_Exercise data_:
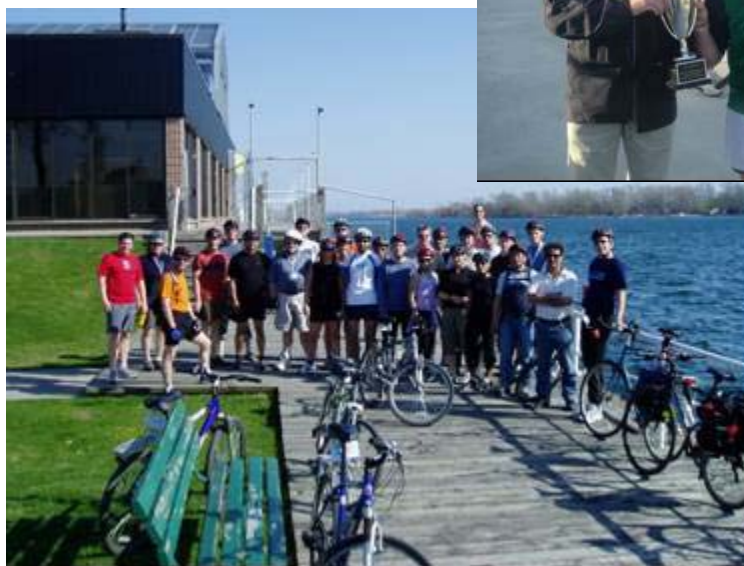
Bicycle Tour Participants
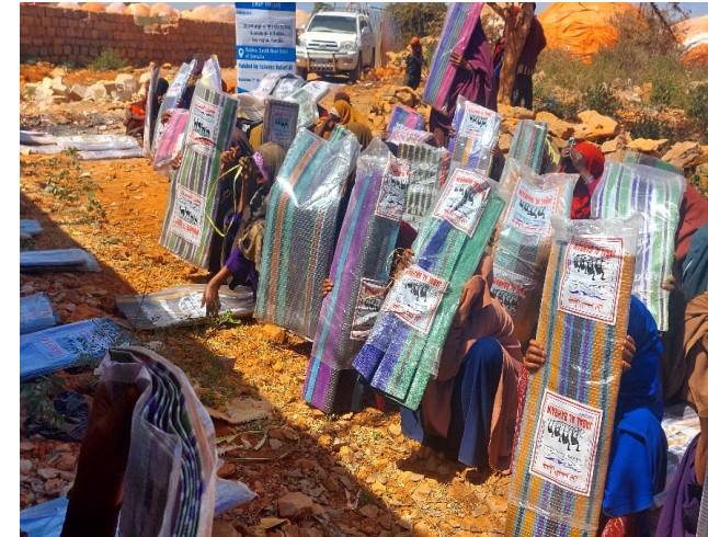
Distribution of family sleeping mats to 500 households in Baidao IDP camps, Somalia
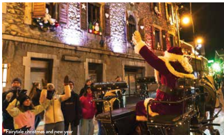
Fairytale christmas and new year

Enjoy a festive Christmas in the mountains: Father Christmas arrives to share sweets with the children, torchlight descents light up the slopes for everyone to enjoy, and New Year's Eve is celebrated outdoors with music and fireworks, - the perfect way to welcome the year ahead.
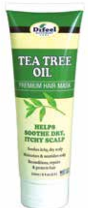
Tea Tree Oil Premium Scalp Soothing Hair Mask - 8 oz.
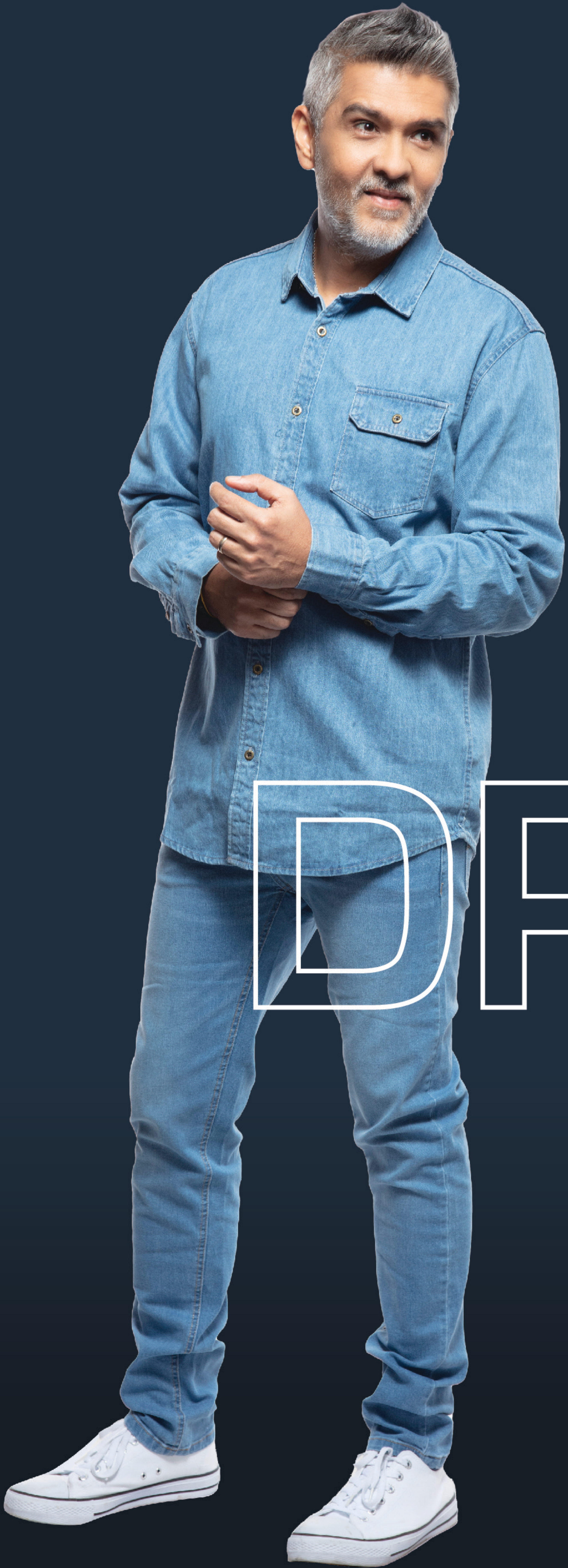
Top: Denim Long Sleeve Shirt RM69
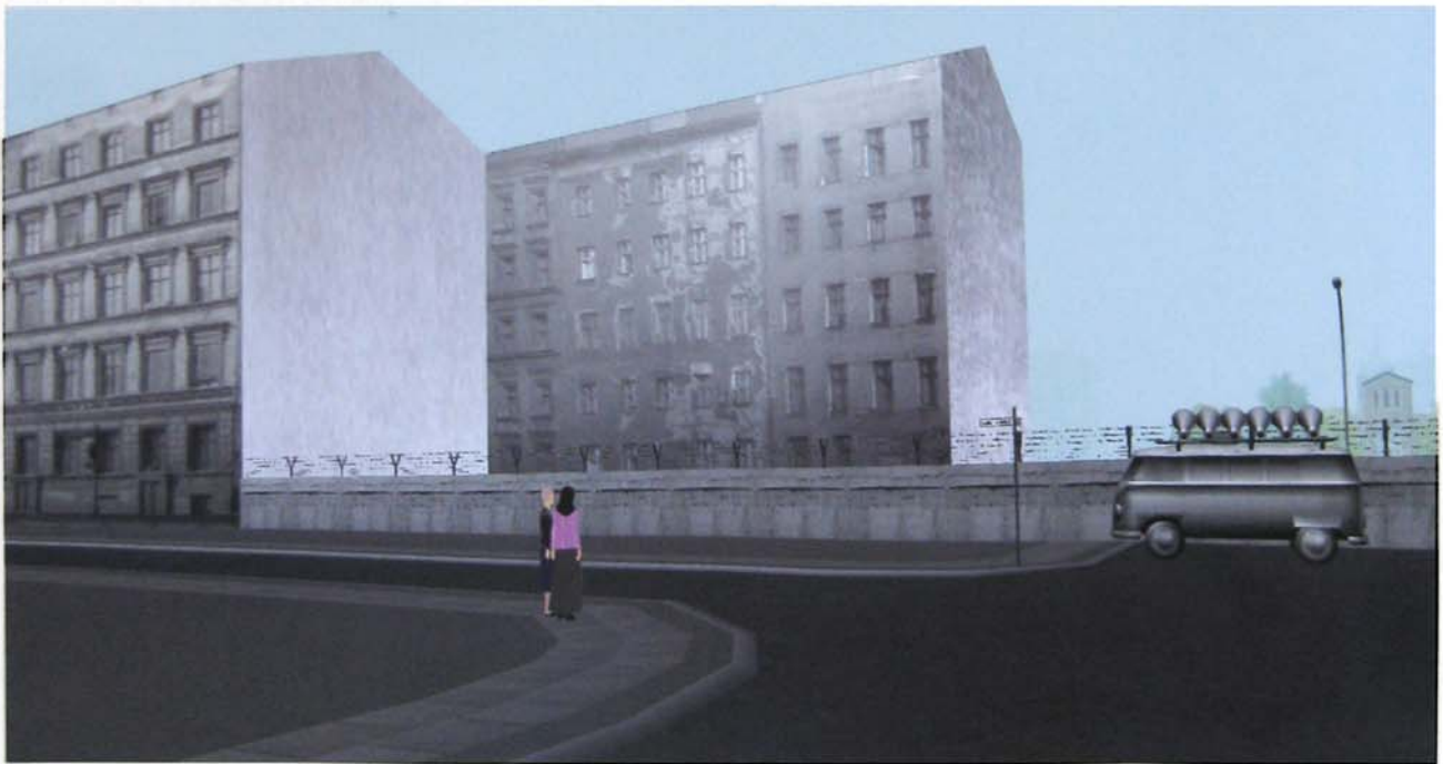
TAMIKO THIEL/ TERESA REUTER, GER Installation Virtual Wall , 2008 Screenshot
--
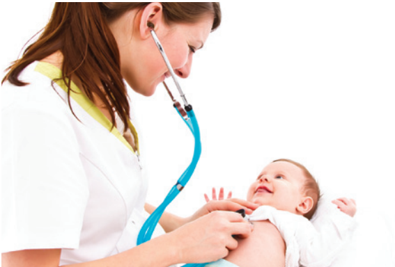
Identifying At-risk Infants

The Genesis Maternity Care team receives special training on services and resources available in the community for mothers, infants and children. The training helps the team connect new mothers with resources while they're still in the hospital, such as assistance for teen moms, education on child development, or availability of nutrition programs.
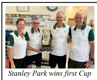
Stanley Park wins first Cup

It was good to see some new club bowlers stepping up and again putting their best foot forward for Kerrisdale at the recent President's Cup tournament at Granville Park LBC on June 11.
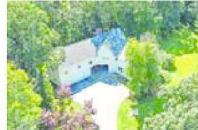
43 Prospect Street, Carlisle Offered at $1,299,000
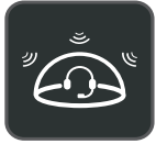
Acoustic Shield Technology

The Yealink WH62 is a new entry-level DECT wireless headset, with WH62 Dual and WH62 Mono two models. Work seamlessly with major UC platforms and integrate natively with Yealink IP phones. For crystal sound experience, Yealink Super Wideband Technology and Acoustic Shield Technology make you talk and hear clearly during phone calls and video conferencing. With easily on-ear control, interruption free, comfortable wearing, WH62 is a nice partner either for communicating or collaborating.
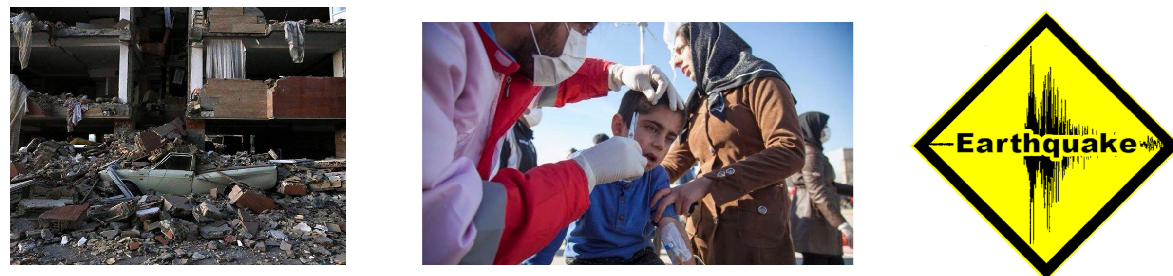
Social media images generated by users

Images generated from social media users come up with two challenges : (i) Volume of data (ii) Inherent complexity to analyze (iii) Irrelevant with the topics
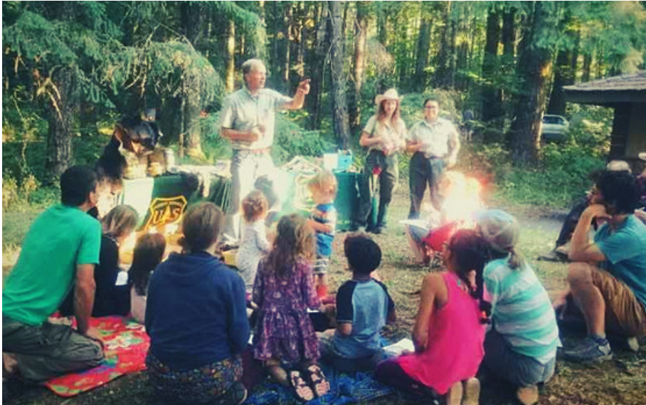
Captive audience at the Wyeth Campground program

_Exercise details_:
A single number is expected: how many lines of the data hold the string "media".

_Task result_:
2